Jun 15 23:26:23 xa-xubu kernel: [ 2417.562386] INFO: task Xorg:757 blocked for
more than 120 seconds.
Jun 15 23:26:23 xa-xubu kernel: [ 2417.562396] Not tainted 4.15.0-23-generic
#25-Ubuntu
Jun 15 23:26:23 xa-xubu kernel: [ 2417.562399] "echo 0 >
/proc/sys/kernel/hung_task_timeout_secs" disables this message.

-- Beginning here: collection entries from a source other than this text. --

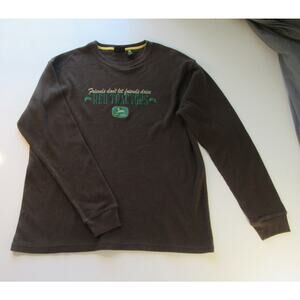 John Deere Men’s Thermal Waffle Knit Brown Shirt Large. Friends Don’t Let Friends Drive Red Tractors Grafic on Front. Measures 28.5 inches shoulder to hem and 24.5 inches arm pit to arm pit. No visible hole's rips or stains.
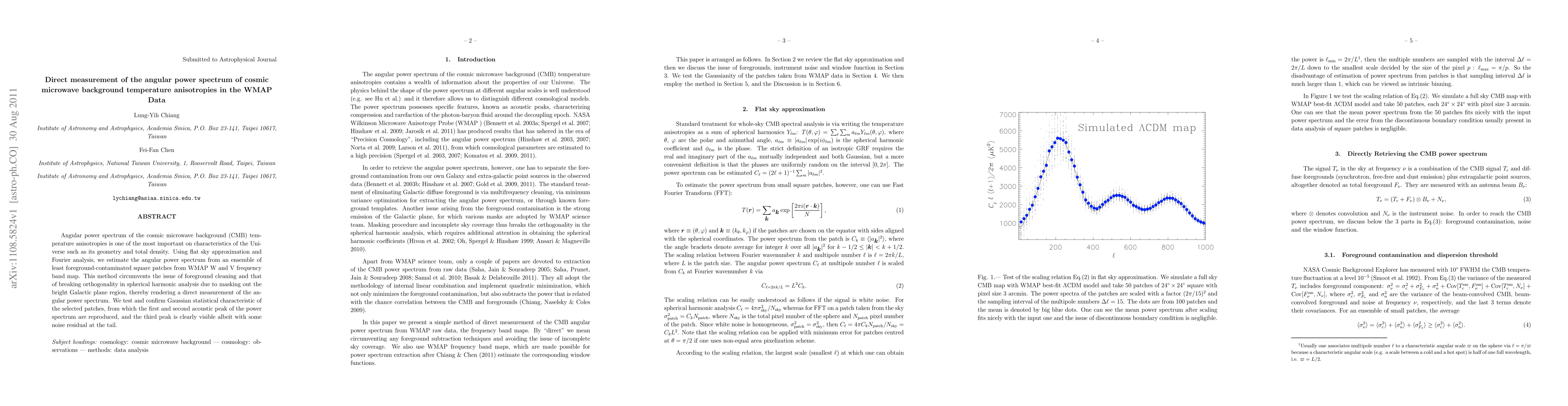 This paper presents a direct measurement of the angular power spectrum of cosmic microwave background temperature anisotropies using WMAP data, employing a flat sky approximation and Fourier analysis to avoid foreground issues and spherical harmonic analysis complications. The method confirms Gaussian statistics and reveals the first and second acoustic peaks, with a visible third peak despite some residual noise.
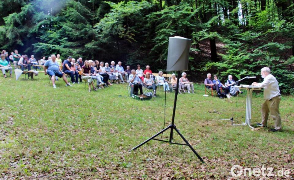 Alljährlich im August lädt die Landeskirchliche Gemeinschaft im Bezirk Hersbruck zu einem Gottesdienst im Freien auf die Waldlichtung zwischen Gerhardsberg und Schmidtstadt (Gemeinde Etzelwang, Landkreis Amberg-Sulzbach) ein. Prediger Arthur Meneikis von der Hersbrucker Gemeinschaft stellte den Referenten des Nachmittags, Inspektor i. R. Konrad Flämig aus Puschendorf, vor, indem er ihn kurz zu dessen persönlichem Werdegang interviewte. Peter Appel bekundete in einem Grußwort für die Kirchengemeinde Kirchenreinbach die langjährige Verbundenheit mit der Landeskirchlichen Gemeinschaft Hersbruck.

Jun 15 23:26:23 xa-xubu kernel: [ 2417.562403] Xorg D 0 757 724 0x00400004
Jun 15 23:26:23 xa-xubu kernel: [ 2417.562408] Call Trace:
Jun 15 23:26:23 xa-xubu kernel: [ 2417.562424] __schedule+0x297/0x8b0
Jun 15 23:26:23 xa-xubu kernel: [ 2417.562430] ? __kfifo_in+0x37/0x50
Jun 15 23:26:23 xa-xubu kernel: [ 2417.562434] schedule+0x2c/0x80
Jun 15 23:26:23 xa-xubu kernel: [ 2417.562559]
amd_sched_entity_push_job+0xad/0xf0 [amdgpu]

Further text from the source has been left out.